## [What to work on]
Skip all pictures. Write out the data below from its first line through the line that contains "Aptas para lavavajillas.".

[Items listed in a dataset]
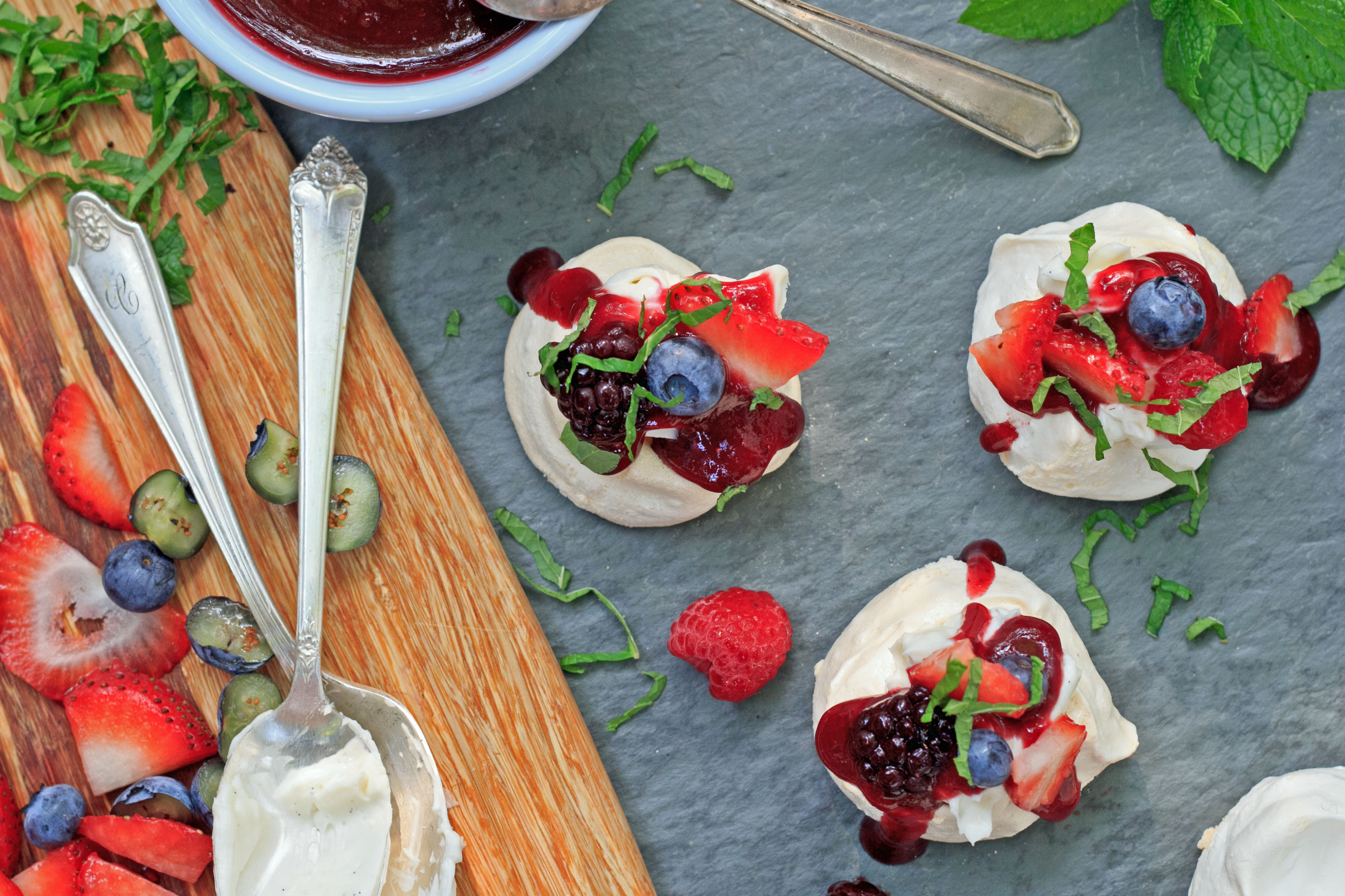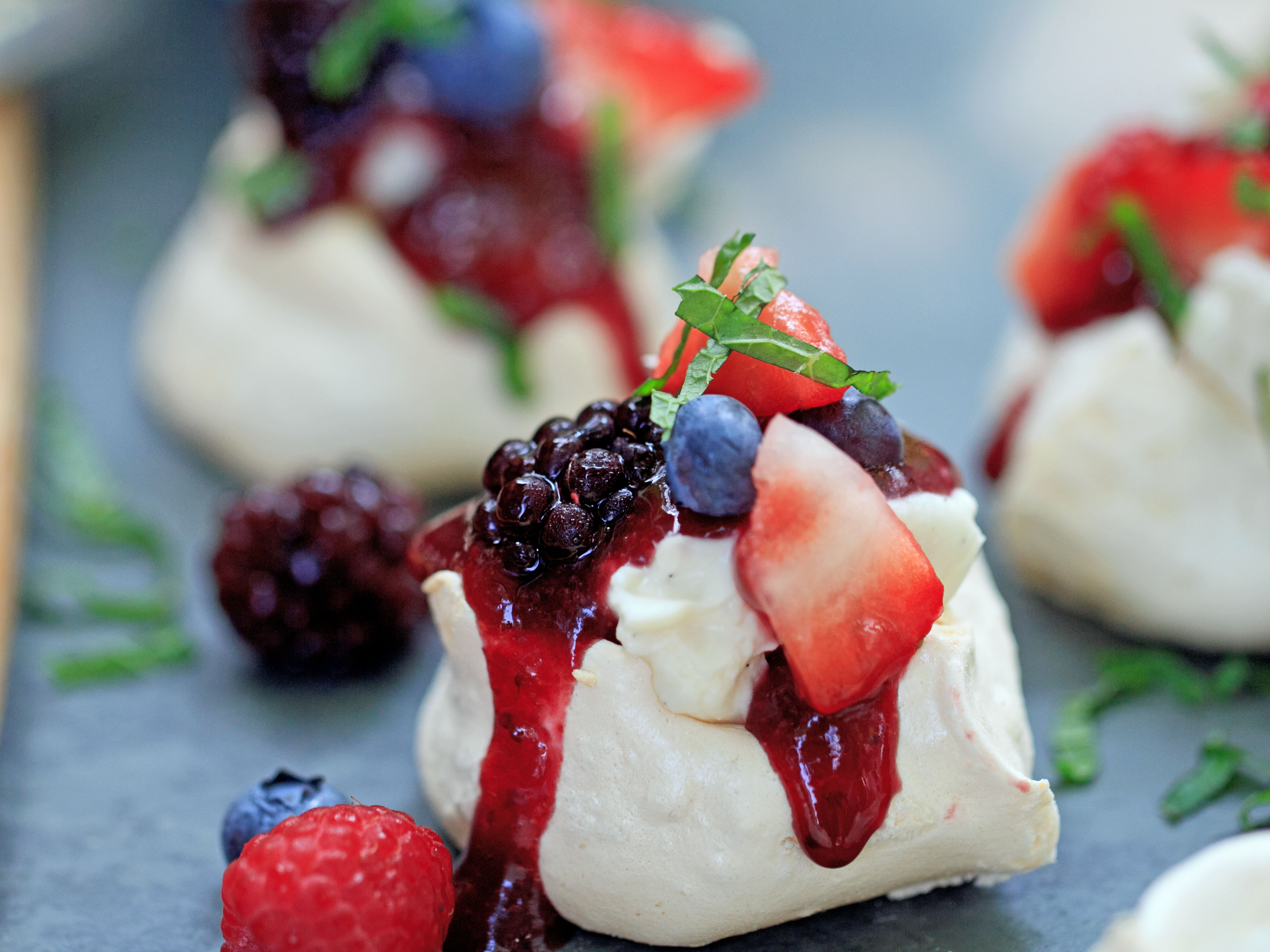 - To assemble, place the meringues on a serving platter. Fill the centers with a generous dollop of vanilla cream. Spoon the berry sauce on top. Sprinkle with mixed berries and fresh mint or tarragon. Serve immediately.
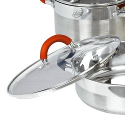 • Juego de 8 pcs.• Incluye cazo de 16 cm, olla de 18, 22 cm y cazuela de 24 cm.• Fabricada en acero inoxidable de alta calidad 18/10.• 4 Tapas de cristal.• Mangos y asas recubiertos de silicona.• Compatibles con cocinas de gas, vitrocerámica, inducción y cocinas eléctricas.• Aptas para lavavajillas.
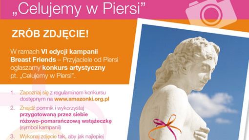 W tym roku, w ramach kampanii, można wziąć udział w konkursie artystycznym „Celujemy w Piersi”, promującym wiedzę o tym, że tylko pełne rozpoznanie typu raka piersi pozwala na zastosowanie optymalnej dla danej pacjentki terapii, a przez to zwiększa jej szanse na wyleczenie. Zasady konkursu są proste: należy znaleźć pomnik, zrobić mu zdjęcie i wkomponować w nie przygotowaną przez siebie różowo-pomarańczową wstążkę (albo przymocować wstążkę do pomnika). Fotografię trzeba wysłać e-mailem, przygotowując wypowiedź na pytanie „Dlaczego należy oznaczać typ nowotworu piersi?”, oraz wypełnić odpowiedni formularz ze strony www.amazonki.org.pl. Do wygrania atrakcyjne nagrody. Ale nie one są przecież ważne, tylko podniesienie świadomości społecznej na temat nowotworu piersi, szczególnie wśród mężczyzn, którzy powinni wspierać swoje partnerki w badaniach profilaktycznych i późniejszej walce z chorobą. Razem łatwiej jest pokonywać problemy!
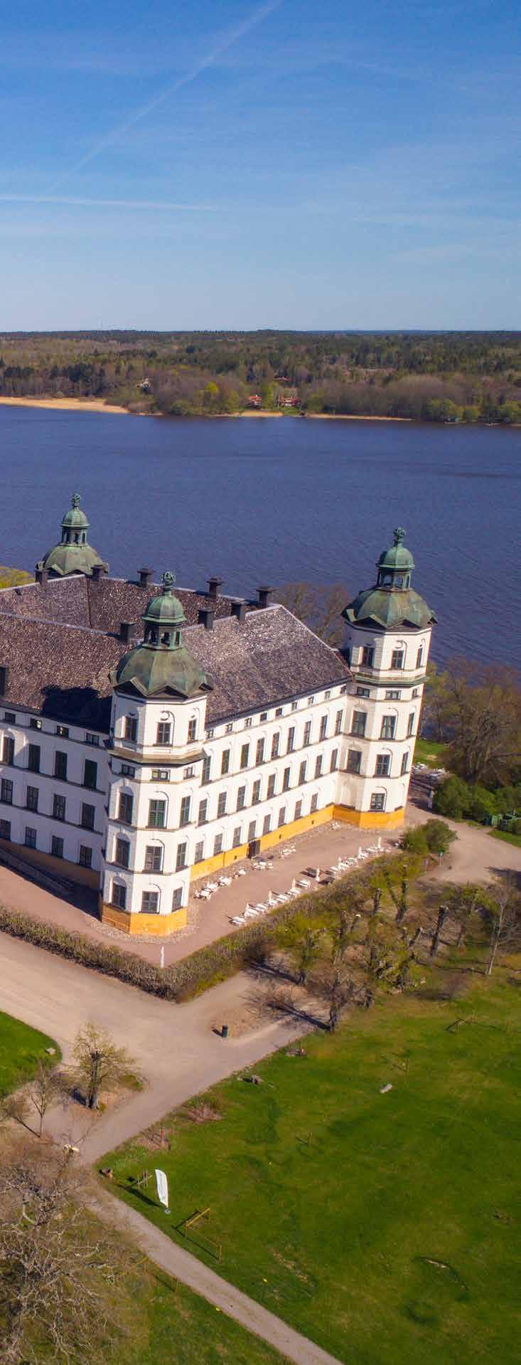 barockslott. Fältmarskalk Carl Gustaf Wrangel började år 1654 bygga slottet. Det står idag intakt med välbevarade interiörer och unika samlingar av vapen, verktyg, böcker, möbler, textilier, konst och konsthantverk från tiden 1550–1850.
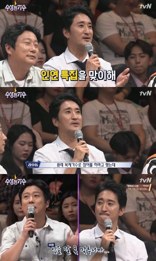 이날 신현준은 판정단 자격으로 '수상한 가수'를 찾았다. 그는 "'수상한 가수' 인연 특집이라고 해서 강호동, 이수근, 김형석과 인연이 있어 나오게 됐다"고 출연하게 된 배경을 밝혔다.
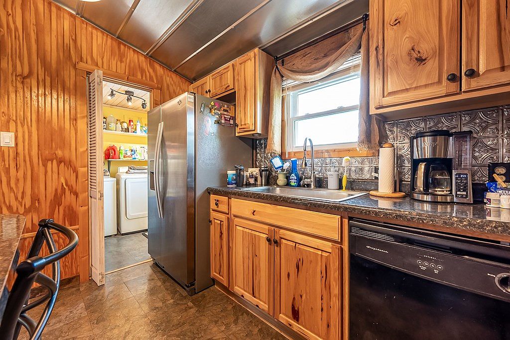 This kitchen merges rustic charm with functional design. The wooden paneling adds warmth, while the contemporary stainless steel refrigerator contrasts with natural wood cabinetry. A textured metallic backsplash reflects light, enhancing the cozy atmosphere. Ample counter space, including a dark granite surface, is perfect for meal prep, accompanied by a simple sink and modern coffee maker. Natural light filters through a window draped with soft curtains, harmonizing the earthy tones. To the left, a doorway leads to a compact laundry area, emphasizing practicality. The layout promotes easy movement, creating an inviting space for both cooking and casual dining.
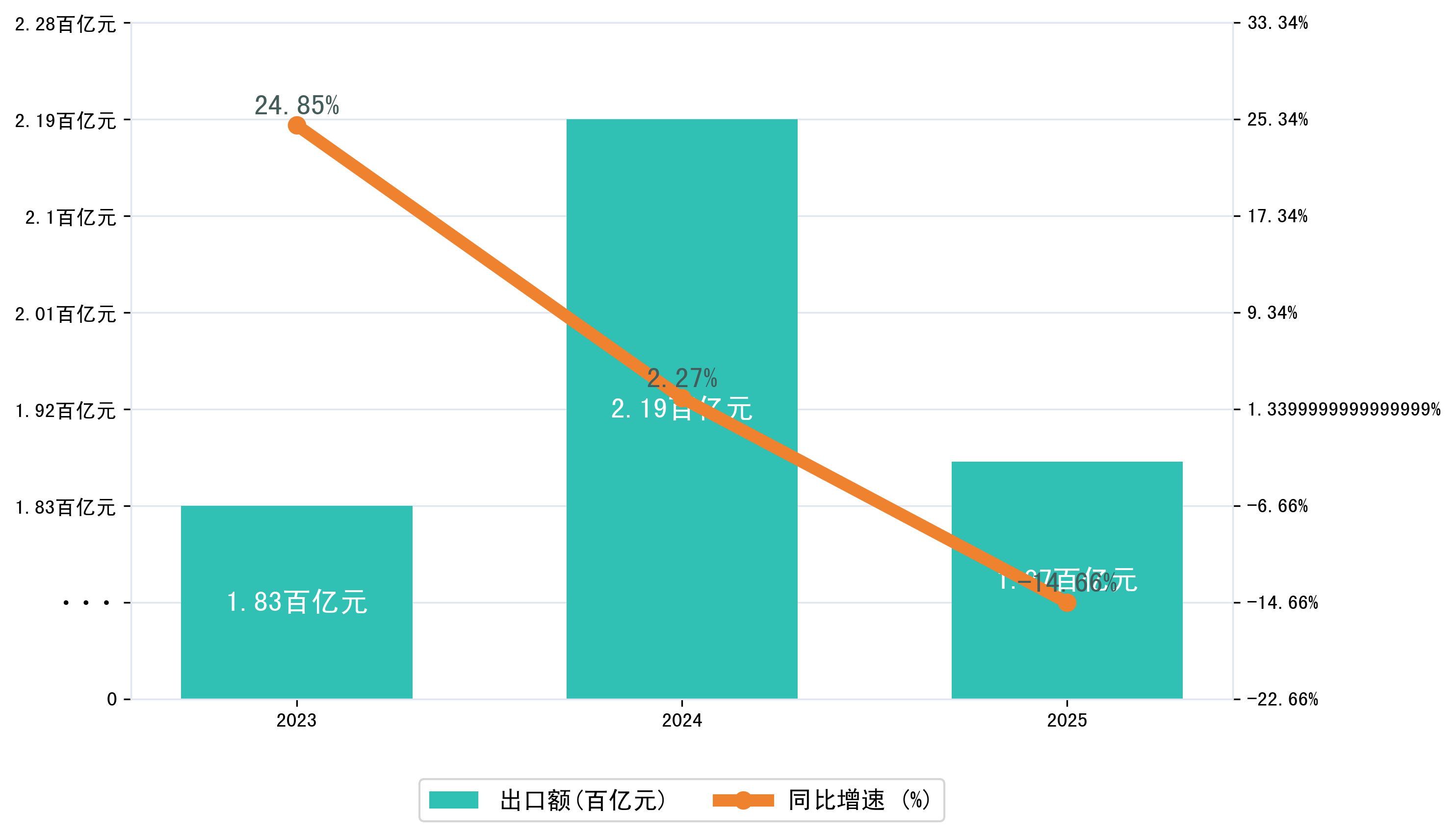 以人民币计,2025年1-10月宜宾市出口额为186,8968.4101万元,相比上年同期减少了32,1132.2344万元,同比减少了-14.50%。

## [Answer space]
 - To assemble, place the meringues on a serving platter. Fill the centers with a generous dollop of vanilla cream. Spoon the berry sauce on top. Sprinkle with mixed berries and fresh mint or tarragon. Serve immediately.
 • Juego de 8 pcs.• Incluye cazo de 16 cm, olla de 18, 22 cm y cazuela de 24 cm.• Fabricada en acero inoxidable de alta calidad 18/10.• 4 Tapas de cristal.• Mangos y asas recubiertos de silicona.• Compatibles con cocinas de gas, vitrocerámica, inducción y cocinas eléctricas.• Aptas para lavavajillas.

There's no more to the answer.